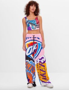 Il marchio di abbigliamento spagnolo low cost Bershka ha annunciato il 30 luglio scorso una collaborazione con la National Basketball Association, comunemente nota come NBA, la principale lega professionistica di pallacanestro degli Stati Uniti d’America e del Canada. Giacche, felpe e tute sono state decorate con i loghi dei Chicago Bulls, dei Miami Heat e dei New York Knicks.L’ispirazione viene dal mondo del basket con i capi extralarge.
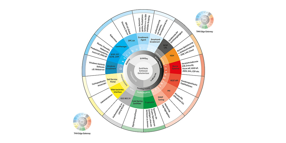 Im Rahmen der Automatisierungsfachmesse SPS haben wir die neue Lösung Trust Management Appliance (TMA) Edge Gateway vorgestellt. Dabei handelt es sich um eine kompakte Softwarelösung für das Ausrollen und Verwalten von Zertifikaten, die auf Edge Devices eingesetzt werden kann. Da kein Administrationsaufwand anfällt und vor Ort kein spezielles IT-Know-how erforderlich ist, eignet sich das TMA Edge Gateway beispielsweise auch für den Einsatz im Umfeld von Produktionsanlagen, bei Auftragsfertigern im In- und Ausland oder in Außenstellen.
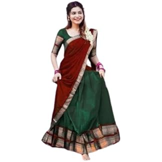 RENVAANI FASHION Women’s Indian Traditional Unstitched Kanjivaram Kanchipuram Silk Pure Zari Weaving Lehenga Choli Along With Dupatta With Unstitch Blouse
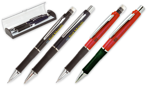Parure composta da penna a sfera e mina, realizzata in plastica e dotata di impugnatura in gomma per una presa confortevole. Viene fornita in un astuccio di plastica, ideale per un regalo o un uso quotidiano.
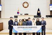 [ 타임즈 - 김시창 기자 ] 용인특례시의회는 30일 의장실에서 원주시의회 원주특례시추진특별위원회의 방문을 받고 특례시 추진 및 운영 사례를 공유하는 시간을 가졌다고 밝혔다. 이번 방문은 특례시 추진을 준비 중인 원주시의회가 용인특례시의회의 제도 운영 경험과 의회 조직·권한 구조를 벤치마킹하기 위해 마련됐다. 용인특례시의회에서는 유진선 의장을 비롯해 이윤미 의회운영위원장, 김희영·이진규·기주옥 의원이 참석했으며, 용인특례시 자치분권과 관계자들도 함께했다. 원주시의회 원주특례시추진특별위원회에서는 손준기 위원장과 최미옥·문정환 의원 등 관계자들이 참석했다. 이날 일정은 상호 소개를 시작으로 ▲특례시 운영 현황 및 제도적 기반에 대한 설명 ▲특례시 추진 과정과 의회 역할 공유 ▲의회 시설 견학 순으로 진행됐다. 특히, 참석자들은 ‘지방자치법’과 ‘지방자치분권 및 지역균형발전에 관한 특별법’ 등 특례시 관련 법령 체계, 인구 100만 이상 대도시의 행·재정 수요 증가에 따른 특례시 도입 배경과 필요성, ‘특례시의회 사무기구 구성과 정책지원 전문인력 운영 사례 등에 대해 심도 있는 의견을 나눴다.
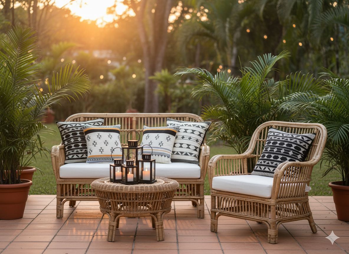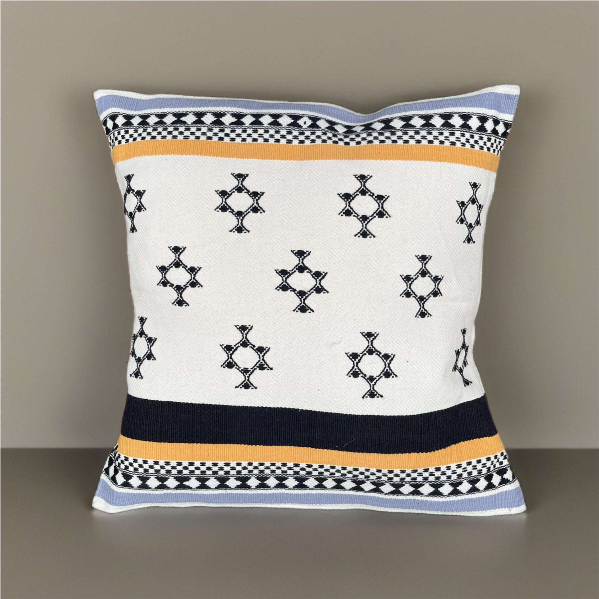 Crafted in handwoven cotton, this cushion cover layers bold black, white, and ochre stripes in a graphic rhythm softened by pale blue-grey. Designed to ground a space in warmth and balance, where structure meets subtle color.

§ Problem to solve: Output only the lines from the start of the data through the line that holds "Im Rahmen der". Keep them exact and leave the pictures out.

§ Solution below:
 Il marchio di abbigliamento spagnolo low cost Bershka ha annunciato il 30 luglio scorso una collaborazione con la National Basketball Association, comunemente nota come NBA, la principale lega professionistica di pallacanestro degli Stati Uniti d’America e del Canada. Giacche, felpe e tute sono state decorate con i loghi dei Chicago Bulls, dei Miami Heat e dei New York Knicks.L’ispirazione viene dal mondo del basket con i capi extralarge.
 Im Rahmen der Automatisierungsfachmesse SPS haben wir die neue Lösung Trust Management Appliance (TMA) Edge Gateway vorgestellt. Dabei handelt es sich um eine kompakte Softwarelösung für das Ausrollen und Verwalten von Zertifikaten, die auf Edge Devices eingesetzt werden kann. Da kein Administrationsaufwand anfällt und vor Ort kein spezielles IT-Know-how erforderlich ist, eignet sich das TMA Edge Gateway beispielsweise auch für den Einsatz im Umfeld von Produktionsanlagen, bei Auftragsfertigern im In- und Ausland oder in Außenstellen.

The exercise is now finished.